• **Directions for this task**
Using the records below, write out again exactly the lines that begin at the line containing "そしてここで、チャネルIDとチャンネルシークレットをコピーします。" and end at the line containing "本日、次年度に入学する保育園", and no other lines.
--- Dataset extract ---
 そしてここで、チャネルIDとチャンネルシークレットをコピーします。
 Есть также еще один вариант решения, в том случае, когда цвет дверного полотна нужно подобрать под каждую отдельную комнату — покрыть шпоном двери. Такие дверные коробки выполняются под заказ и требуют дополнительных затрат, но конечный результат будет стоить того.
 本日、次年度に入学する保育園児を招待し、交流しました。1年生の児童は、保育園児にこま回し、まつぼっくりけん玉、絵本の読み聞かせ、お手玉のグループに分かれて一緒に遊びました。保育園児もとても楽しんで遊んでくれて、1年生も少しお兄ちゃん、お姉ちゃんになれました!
---
--- Dataset extract ---
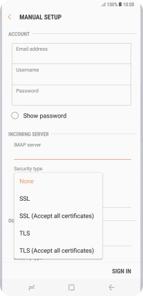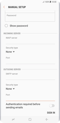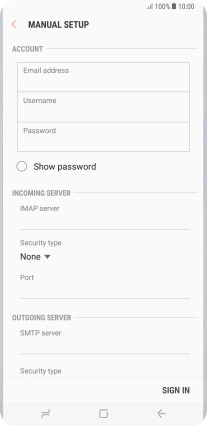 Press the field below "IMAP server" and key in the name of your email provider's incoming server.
---
--- Dataset extract ---
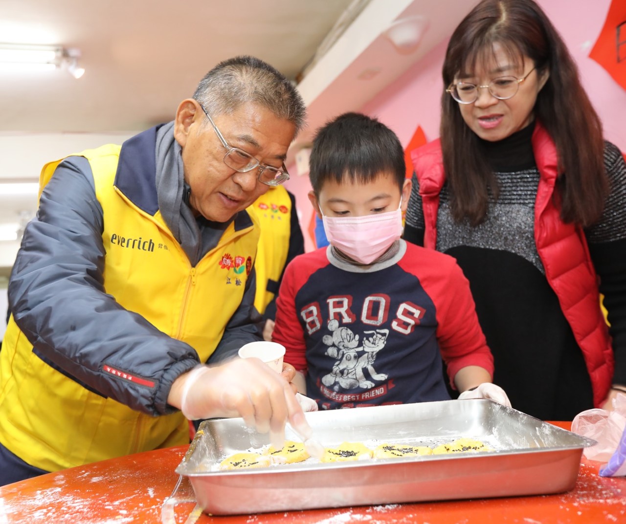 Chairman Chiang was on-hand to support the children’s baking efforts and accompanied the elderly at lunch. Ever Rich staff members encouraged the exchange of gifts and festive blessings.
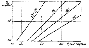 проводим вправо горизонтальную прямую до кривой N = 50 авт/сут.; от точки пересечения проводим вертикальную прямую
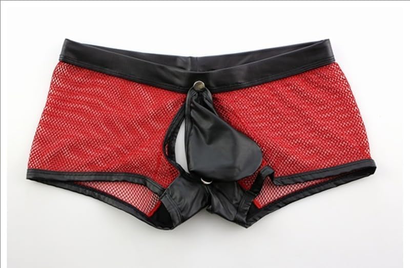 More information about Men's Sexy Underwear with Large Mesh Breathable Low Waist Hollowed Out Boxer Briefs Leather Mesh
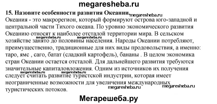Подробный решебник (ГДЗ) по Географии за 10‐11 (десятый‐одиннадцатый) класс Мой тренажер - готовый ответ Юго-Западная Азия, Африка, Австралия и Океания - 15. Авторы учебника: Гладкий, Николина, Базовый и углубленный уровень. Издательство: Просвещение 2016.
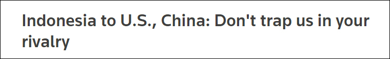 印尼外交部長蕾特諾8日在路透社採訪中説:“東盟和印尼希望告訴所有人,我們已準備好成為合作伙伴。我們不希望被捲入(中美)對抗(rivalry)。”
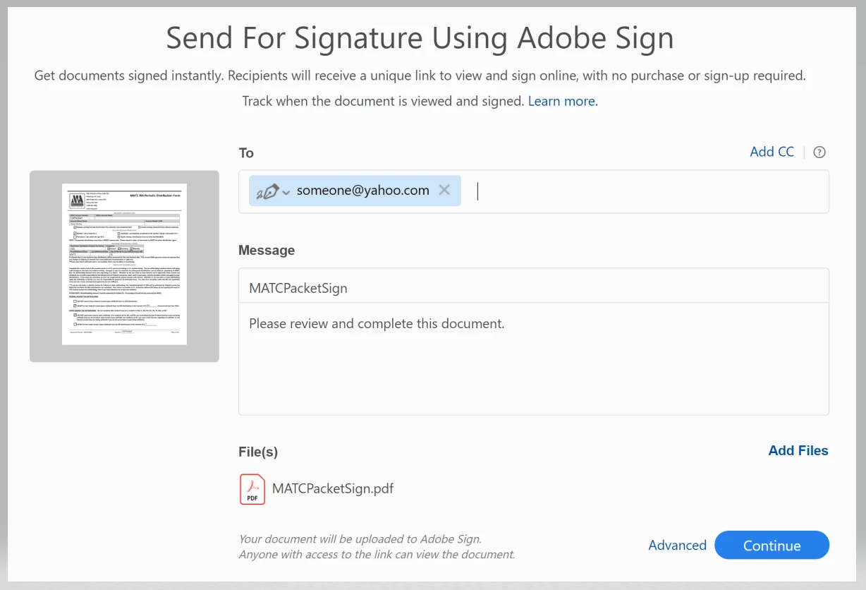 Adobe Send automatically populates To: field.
---
• **Output of the exercise**
 そしてここで、チャネルIDとチャンネルシークレットをコピーします。
 Есть также еще один вариант решения, в том случае, когда цвет дверного полотна нужно подобрать под каждую отдельную комнату — покрыть шпоном двери. Такие дверные коробки выполняются под заказ и требуют дополнительных затрат, но конечный результат будет стоить того.
 本日、次年度に入学する保育園児を招待し、交流しました。1年生の児童は、保育園児にこま回し、まつぼっくりけん玉、絵本の読み聞かせ、お手玉のグループに分かれて一緒に遊びました。保育園児もとても楽しんで遊んでくれて、1年生も少しお兄ちゃん、お姉ちゃんになれました!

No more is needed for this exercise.